Provided records below:
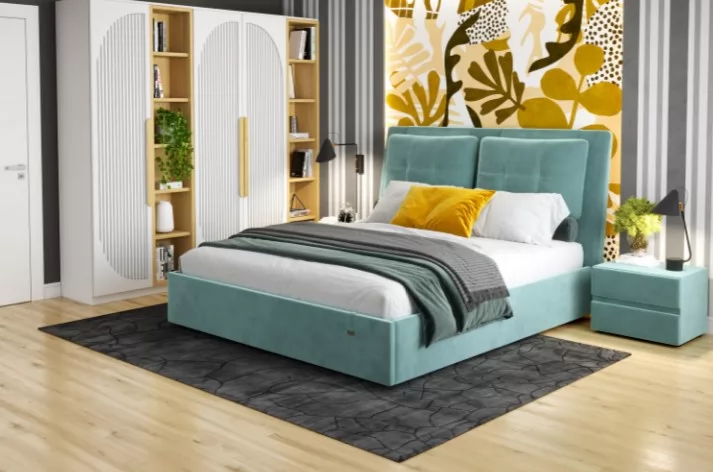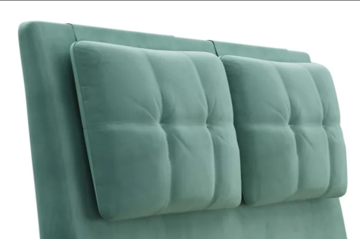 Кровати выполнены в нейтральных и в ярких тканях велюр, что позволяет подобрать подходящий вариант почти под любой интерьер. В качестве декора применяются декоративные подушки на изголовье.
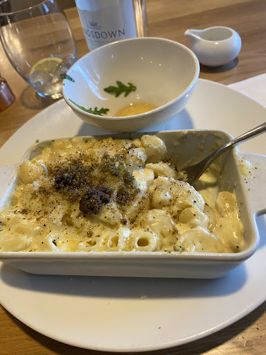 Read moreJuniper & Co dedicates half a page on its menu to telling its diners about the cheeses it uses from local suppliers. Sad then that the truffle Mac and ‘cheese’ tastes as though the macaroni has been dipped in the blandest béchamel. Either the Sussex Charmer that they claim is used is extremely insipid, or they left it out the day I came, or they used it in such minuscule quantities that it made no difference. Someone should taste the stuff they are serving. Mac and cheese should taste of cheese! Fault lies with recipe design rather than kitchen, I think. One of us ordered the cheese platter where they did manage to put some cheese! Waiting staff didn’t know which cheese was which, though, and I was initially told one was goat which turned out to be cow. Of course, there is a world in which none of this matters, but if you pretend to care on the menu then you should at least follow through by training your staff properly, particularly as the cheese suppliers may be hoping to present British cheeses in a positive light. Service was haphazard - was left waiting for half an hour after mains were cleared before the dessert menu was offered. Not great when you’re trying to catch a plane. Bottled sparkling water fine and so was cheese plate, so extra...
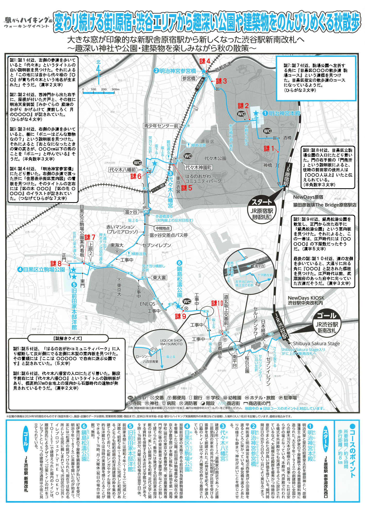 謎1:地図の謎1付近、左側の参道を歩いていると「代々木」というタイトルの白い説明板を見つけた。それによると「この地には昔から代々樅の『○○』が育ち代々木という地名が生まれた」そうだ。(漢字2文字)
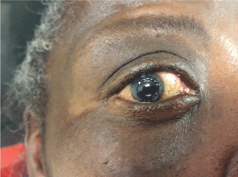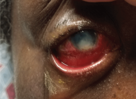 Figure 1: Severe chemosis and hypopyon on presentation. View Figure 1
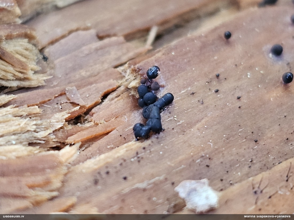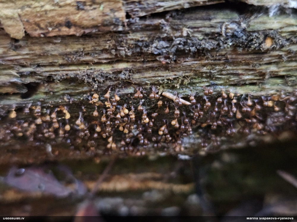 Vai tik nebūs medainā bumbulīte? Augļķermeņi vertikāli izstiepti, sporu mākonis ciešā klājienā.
End of Provided records.
• Exercise brief: With the images left out, set down every entry exactly.

• Answer to the exercise:
 Кровати выполнены в нейтральных и в ярких тканях велюр, что позволяет подобрать подходящий вариант почти под любой интерьер. В качестве декора применяются декоративные подушки на изголовье.
 Read moreJuniper & Co dedicates half a page on its menu to telling its diners about the cheeses it uses from local suppliers. Sad then that the truffle Mac and ‘cheese’ tastes as though the macaroni has been dipped in the blandest béchamel. Either the Sussex Charmer that they claim is used is extremely insipid, or they left it out the day I came, or they used it in such minuscule quantities that it made no difference. Someone should taste the stuff they are serving. Mac and cheese should taste of cheese! Fault lies with recipe design rather than kitchen, I think. One of us ordered the cheese platter where they did manage to put some cheese! Waiting staff didn’t know which cheese was which, though, and I was initially told one was goat which turned out to be cow. Of course, there is a world in which none of this matters, but if you pretend to care on the menu then you should at least follow through by training your staff properly, particularly as the cheese suppliers may be hoping to present British cheeses in a positive light. Service was haphazard - was left waiting for half an hour after mains were cleared before the dessert menu was offered. Not great when you’re trying to catch a plane. Bottled sparkling water fine and so was cheese plate, so extra...
 謎1:地図の謎1付近、左側の参道を歩いていると「代々木」というタイトルの白い説明板を見つけた。それによると「この地には昔から代々樅の『○○』が育ち代々木という地名が生まれた」そうだ。(漢字2文字)
 Figure 1: Severe chemosis and hypopyon on presentation. View Figure 1
 Vai tik nebūs medainā bumbulīte? Augļķermeņi vertikāli izstiepti, sporu mākonis ciešā klājienā.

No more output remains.